If You Finish That With "Behaviour Order"
Then that shows how vintage you are, since the ASBO went out of business in 2014. No, what we are talking about here is but one step removed from Harry Helmet Hair, the grifting gift to bloggers looking for content. Art!
Harry Helmet Hair according to AI art generator
"Donald Trump with a helmet made of ginger hair" was the prompt. That one in the middle looks like he's been knocking back oestrogen cocktails.
Forsooth! we are going to be taking a closer look at the sole asset that "Trump Media & Technology Group" has, that being "Truth Social". Rather incredibly, the stock price has gone up substantially again, which is evidence of how honest we are here at BOOJUM! since I could have kept from mentioning it. Art!
First off, an investment company called ARC Global sued TMTG earlier this year, claiming that they'd been short-changed when it came to being issued stock in the business. In September a judge ruled that they were in the right, and 800,000 shares were issued to them from what is termed 'Common Stock', which seems to be a fund of same held securely in 'escrow' for situations such as this.
Not a propitious start for the public trading of shares, is it?
Well, it gets worse. It can always get worse. Art!
Devin Nunes, looking frankly creepy
This character is Devin Nunes, who is the current Chief Executive Officer of TMTG. South Canadian companies have a rank of what people call "C-Suite" positions, such as the CEO, the Chief Financial Officer, the Chief Technology Officer and so on. Above them will be a Board Of Directors to oversee them.
Devin's past history consists of gaining agricultural qualifications - proper graduate degree qualifications before you start snickering about rakes and hoes - farming and being a South Canadian politician.
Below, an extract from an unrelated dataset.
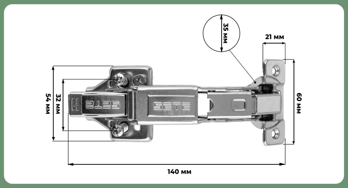 Наименование: SETE Петля с доводчиком 2W, 165°, с евро, 3D, с декор. накладками

None of this exactly befits him to run a business based on technology and communications. He may have alternative skills, and I believe he is able to tongue a shoe to a very high shine. He and the CFO sold $2.5 million worth of stock at the end of August, so perhaps he knows more than the rest of us? Art!
NOT A RIP-OFF OF TWITTER AT ALL
Well well well, it seems that things behind the scenes at TS are not at all rosy.
In fact, staff have been making whistle-blower complaints about Nunes; that he misused funds, including a mysterious trip to North Macedonia with no apparent reason apart from it's a nice tourist destination, hiring foreign contractors when there were perfectly functional South Canadian contractors, and interfering with product development. Yeah right Devin, as you have extensive experience of and qualifications in software engineering. Art!
Just thought I'd throw in a shot of the 'Castle Romeo' test detonation at Bikini Atoll, because endless numbers can be dull, dull, dull.
ANYWAY what transpired from this complaint? Why, a lawyer was hired, who carried out a series of investigations, and then TS began to fire people - the ones who'd raised the issue in the first place. Ooopsie.
First to go was the Chief Operating Officer Andrew Northwall, a title I've not seen before. He posted that old cliché " - spending more time with my family" as a reason/excuse/bare-face lie <delete where applicable>. Chief Product Officer Sandro Moraes was also fired, as were the HR Director and a Product Designer. All four had to sign a Non-Disclosure Agreement in order to get a severance payment. Because TS has nothing to hide.
Except it may very well have, because this process seems awfully like 'Retaliation', where a business ILLEGALLY takes its anger out on employees. Whilst employees may not wish to take action, this is the kind of behaviour that a State Labour Board narrows it's eyes at, and begins to sniff around. Art!
Because it can always get worse. You see, TS is what's known as a 'meme-stock' where the valuation is about 1,000 greater than it ought to be, where an individual share is really worth ¢0.021 or $0.00021. In Q2 this year it reported revenue of $836,000 versus a loss of $16 million.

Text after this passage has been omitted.